In this tutorial, we will practice read alignment methods. First, we will review the FM-index used for short-read mapping. Then, we will introduce the BWA algorithm for short-read alignment that operates with this index. The output of BWA will be analyzed using samtools and subsequently used for variant calling.

FM-index, a simple example

  1. Consider the following DNA sequence: $\mathtt{AGAAGA}$.
  2. Build its suffix array SA and Burrows-Wheeler transform BWT.
  3. Use SA and BWT to search for pattern $\mathtt{AGA}$ (available).
  4. Use SA and BWT to search for pattern $\mathtt{GGA}$ (unavailable).
  5. Build the FM-index for this sequence.
  6. Use it to search for both the patterns as well.

Read alignment

Sequencing does not produce a complete genome in one piece — instead it generates millions of short DNA fragments called reads.
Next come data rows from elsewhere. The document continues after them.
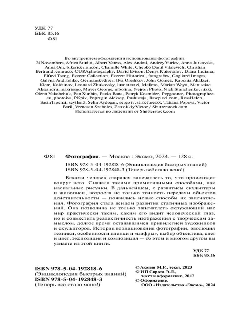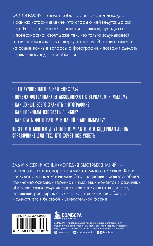 💳 Оплатить за товар можно при получении 🇰🇿 Есть бесплатная доставка по Казахстану от 1 дня 🎁 Копите бонусы с каждой покупки Серия: Энциклопедия быстрых знаний (обложка) Искусство фотографии — удивительное и относительно молодое явление в истории человечества, быстро снискавшее всеобщую популярность. Неиссякаемый источник споров и дискуссий, фотография с первых же опытов захватила исследователей, как теперь захватывает соцсети. Если вы только начинаете знакомиться с техникой фотографии, вы скорее всего столкнетесь с массой вопросов. Что выбрать: пленочную камеру или цифровой фотоаппарат? Как правильно хранить фотографии? Как избежать досадных ошибок? Какой жанр выбрать? |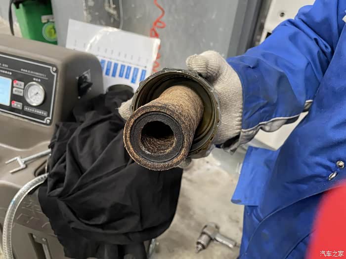 不用不知道,一看吓一跳,才两万多公里的车发动机里面就这么脏了。我全程都在旁边看这个仪器运作,我也搞明白了,这个比起以往的发动机清洗要好太多,以前都是到一瓶清洗剂进去,发动一会踩几脚油门就完事了,纯忽悠。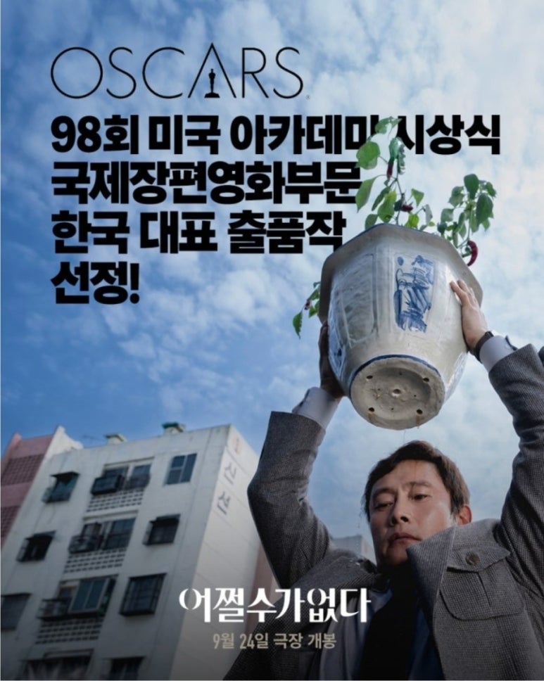영화진흥위원회는 〈어쩔 수가 없다〉를 제98회 아카데미 국제장편영화상 한국 대표작으로 공식 선정했다. 심사위는 작품의 보편적 주제 의식, 세계가 공감할 비극을 유머로 빚은 아이러니, 배우들의 호연, 북미 배급사의 역량을 높이 평가했다.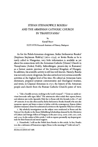 Nagy, Kornél (2025) Stefan Stefanowicz Roszka and the Armenian Catholic Church in Transylvania. REVUE DES ÉTUDES ARMÉNIENNES, 43. pp. 427-469. ISSN 0080-2549
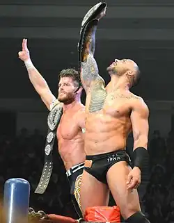 Ricochet (right) and Matt Sydal as the IWGP Junior Heavyweight Tag Team Champions in February 2016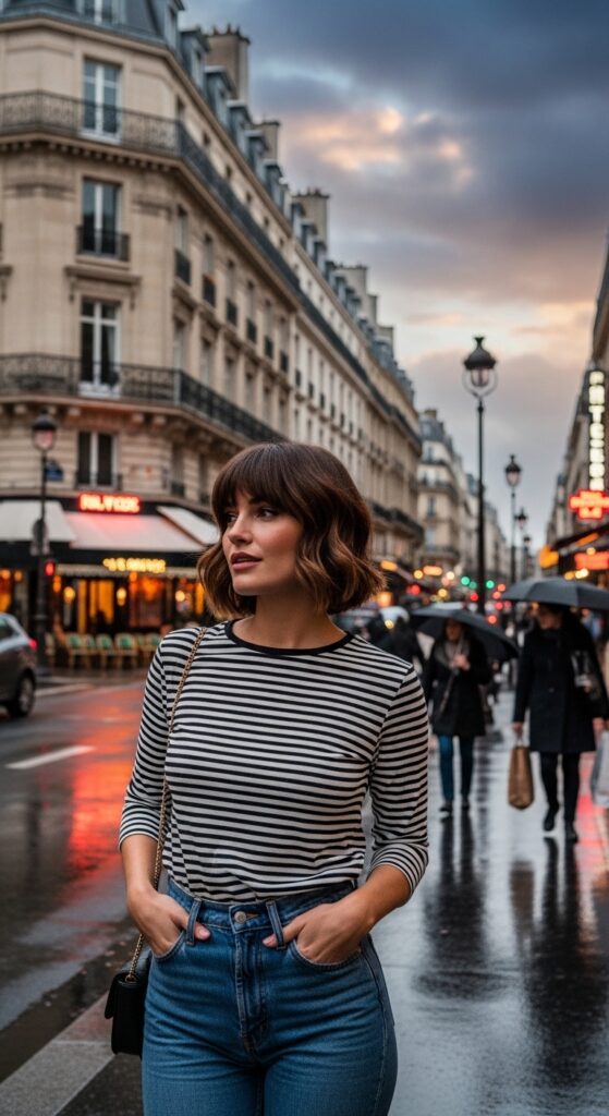 The French bob is the epitome of Parisian cool. It’s chin-length, slightly stacked in the back, and often paired with full, straight-across bangs. The textured version is less precise and more effortless.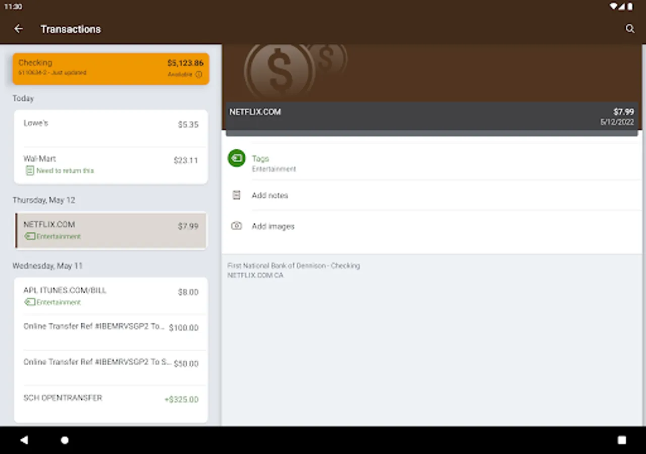 -Keep your transactions organized by allowing you to add tags, notes and photos of receipts and checks.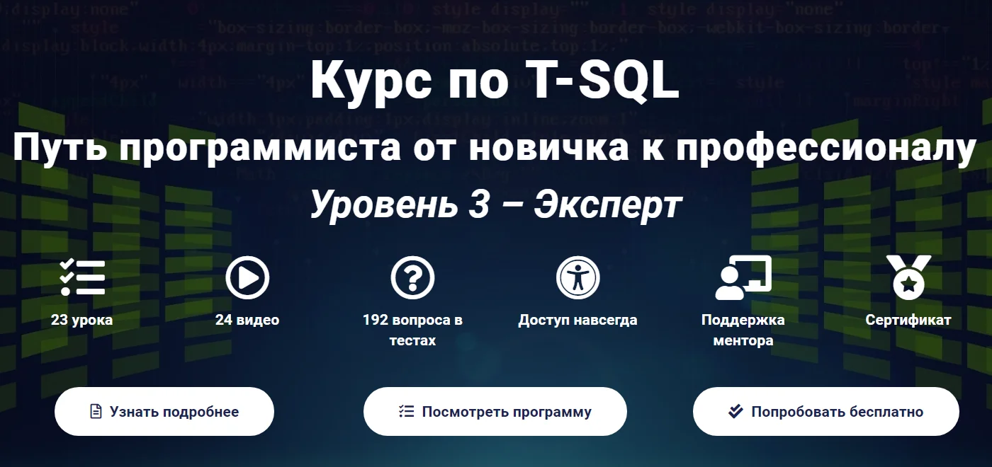 1. Курс рассчитан на разработчиков, которые хотят изучить T-SQL на профессиональном уровне

Read alignment is the process of determining where in a reference genome each read came from.

In this tutorial we will work with the Human Immunodeficiency Virus reference genome and a couple of small sets of reads — manageable enough to understand the process in detail. The biological question is real however: does our sequenced HIV sample differ from the reference strain, and if so, where?

Necessary inputs

BWA is a fast and efficient algorithm for aligning short DNA sequencing reads to a reference genome, using the FM-index for memory-efficient mapping. Samtools is a suite of tools for manipulating and analyzing alignment files in SAM/BAM format, including sorting, indexing, and extracting reads. Bcftools is used to call and process genetic variants from alignment data, enabling variant filtering, annotation, and summarization. Let us install the necessary tools first:

bash

sudo apt-get update
sudo apt-get install bwa
sudo apt-get install samtools
sudo apt-get install bcftools

We will work with the HIV genome, in particular with its standard reference strain HIV-1 HXB2 (9,181 bp) used across HIV research worldwide. At the same time, we will gradually use several different sets of reads. The corresponding FASTA and FASTQ files are available here.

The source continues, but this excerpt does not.